» The data:
^^^^
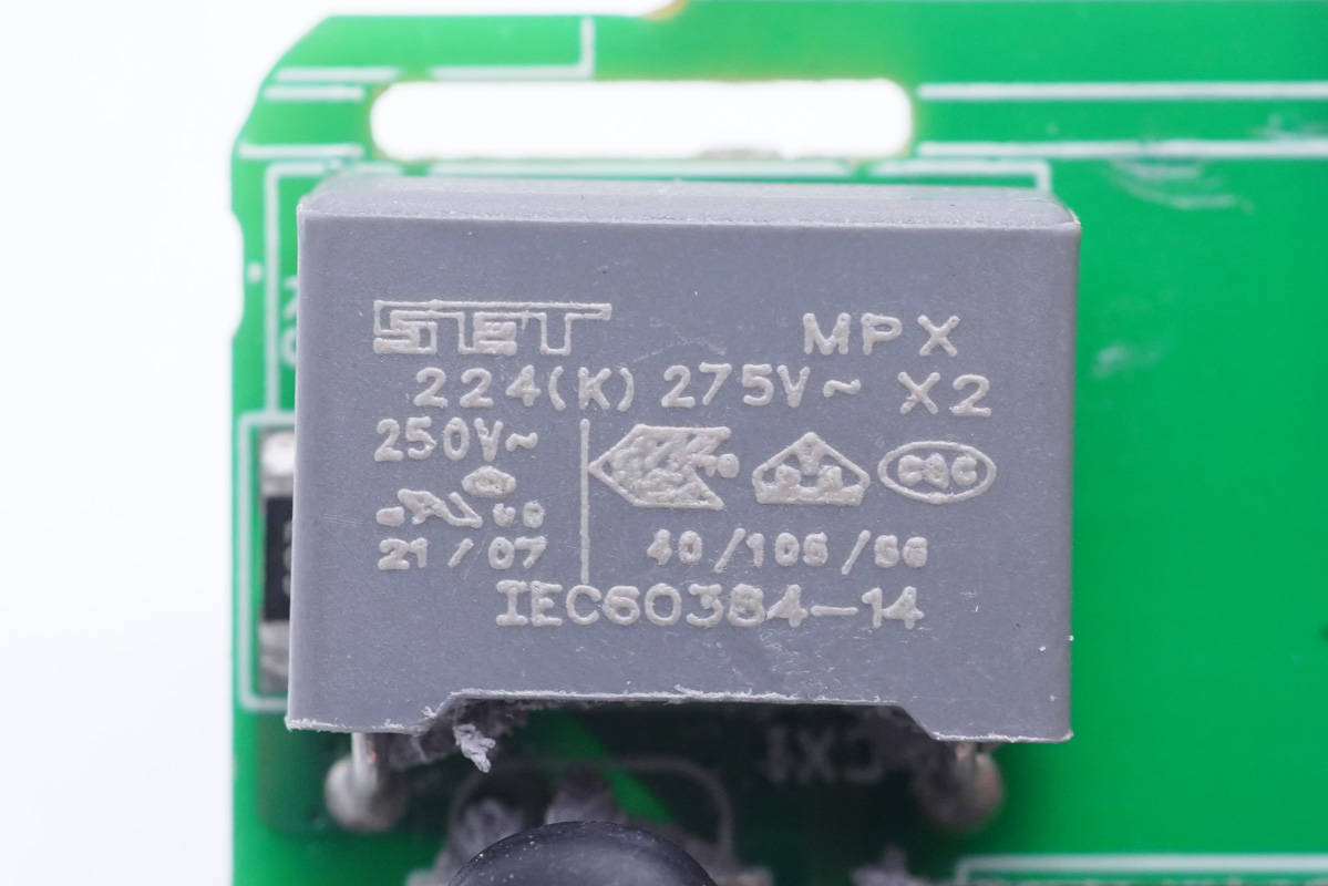 输入端设有隔离板,共模电感外套绝缘管,安规X电容横置。
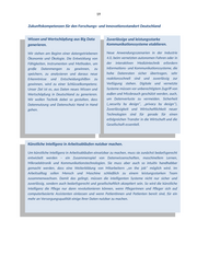19 Zukunftskompetenzen für den Forschungs- und Innovationsstandort Deutschland Wissen und Wertschöpfung aus Big Data Zuverlässige und leistungsstarke generieren. Kommunikationssysteme etablieren. Wir stehen am Beginn einer datengetriebenen Neue Anwendungsszenarien in der Industrie Ökonomie und Ökologie. Die Entwicklung von 4.0, beim vernetzten autonomen Fahren oder in Fähigkeiten, Instrumenten und Methoden, um der interaktiven Medizintechnik erfordern große Datenmengen zu gewinnen, zu Informations- und Kommunikationssysteme, die speichern, zu analysieren und daraus neue hohe Datenraten sicher übertragen, sehr Erkenntnisse und Entscheidungshilfen zu reaktionsschnell sind und zuverlässig zur gewinnen, wird zu einer Schlüsselkompetenz. Verfügung stehen. Digitale und vernetzte Unser Ziel ist es, aus Daten neues Wissen und Systeme müssen vor unberechtigtem Zugriff von Wertschöpfung in Deutschland zu generieren. außen und Missbrauch geschützt werden, auch, Wir wollen Technik dabei so gestalten, dass um Datenverluste zu vermeiden. Sicherheit Datennutzung und Datenschutz Hand in Hand („security by design“, „privacy by design“), gehen. Zuverlässigkeit und Wirtschaftlichkeit neuer Technologien sind für gerade für einen erfolgreichen Transfer in die Wirtschaft und die Gesellschaft essentiell. Künstliche Intelligenz in Arbeitsabläufen nutzbar machen. Um künstliche Intelligenz in Arbeitsabläufen einsetzbar zu machen, muss sie zunächst bedarfsgerecht entwickelt werden – ein Zusammenspiel von Datenwissenschaften, maschinellem Lernen, Mikroelektronik und Kommunikationstechnologien. Sie muss aber auch so intuitiv handhabbar gemacht werden, dass eine Weiterbildung von Mitarbeitern „on the job“ möglich wird. Im Arbeitsalltag sollen Mensch und Maschine schließlich zu einem leistungsstarken Team zusammenwachsen. Damit das gelingt, müssen die intelligenten Systeme nicht nur sicher und zuverlässig, sondern auch bedarfsgerecht und gesellschaftlich akzeptiert sein. So wird die künstliche Intelligenz die Pflege nur dann revolutionieren können, wenn Pflegerinnen und Pfleger sich auf computerbasierte Assistenten einlassen und wenn Patientinnen und Patienten bereit sind, für ein mehr an Versorgungsqualität einige ihrer Daten nutzbar zu machen.
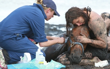 Our hearts go out to Nicole Graham who stayed with her horse, Astro, for three hours as rescuers raced against an incoming tide to free him, after he became stuck in thick mud at Avalon Beach near Geelong, Victoria.
^^^^
» Problem: Reproduce the data above word for word and omit the images.

» Task output:
 输入端设有隔离板,共模电感外套绝缘管,安规X电容横置。
19 Zukunftskompetenzen für den Forschungs- und Innovationsstandort Deutschland Wissen und Wertschöpfung aus Big Data Zuverlässige und leistungsstarke generieren. Kommunikationssysteme etablieren. Wir stehen am Beginn einer datengetriebenen Neue Anwendungsszenarien in der Industrie Ökonomie und Ökologie. Die Entwicklung von 4.0, beim vernetzten autonomen Fahren oder in Fähigkeiten, Instrumenten und Methoden, um der interaktiven Medizintechnik erfordern große Datenmengen zu gewinnen, zu Informations- und Kommunikationssysteme, die speichern, zu analysieren und daraus neue hohe Datenraten sicher übertragen, sehr Erkenntnisse und Entscheidungshilfen zu reaktionsschnell sind und zuverlässig zur gewinnen, wird zu einer Schlüsselkompetenz. Verfügung stehen. Digitale und vernetzte Unser Ziel ist es, aus Daten neues Wissen und Systeme müssen vor unberechtigtem Zugriff von Wertschöpfung in Deutschland zu generieren. außen und Missbrauch geschützt werden, auch, Wir wollen Technik dabei so gestalten, dass um Datenverluste zu vermeiden. Sicherheit Datennutzung und Datenschutz Hand in Hand („security by design“, „privacy by design“), gehen. Zuverlässigkeit und Wirtschaftlichkeit neuer Technologien sind für gerade für einen erfolgreichen Transfer in die Wirtschaft und die Gesellschaft essentiell. Künstliche Intelligenz in Arbeitsabläufen nutzbar machen. Um künstliche Intelligenz in Arbeitsabläufen einsetzbar zu machen, muss sie zunächst bedarfsgerecht entwickelt werden – ein Zusammenspiel von Datenwissenschaften, maschinellem Lernen, Mikroelektronik und Kommunikationstechnologien. Sie muss aber auch so intuitiv handhabbar gemacht werden, dass eine Weiterbildung von Mitarbeitern „on the job“ möglich wird. Im Arbeitsalltag sollen Mensch und Maschine schließlich zu einem leistungsstarken Team zusammenwachsen. Damit das gelingt, müssen die intelligenten Systeme nicht nur sicher und zuverlässig, sondern auch bedarfsgerecht und gesellschaftlich akzeptiert sein. So wird die künstliche Intelligenz die Pflege nur dann revolutionieren können, wenn Pflegerinnen und Pfleger sich auf computerbasierte Assistenten einlassen und wenn Patientinnen und Patienten bereit sind, für ein mehr an Versorgungsqualität einige ihrer Daten nutzbar zu machen.
 Our hearts go out to Nicole Graham who stayed with her horse, Astro, for three hours as rescuers raced against an incoming tide to free him, after he became stuck in thick mud at Avalon Beach near Geelong, Victoria.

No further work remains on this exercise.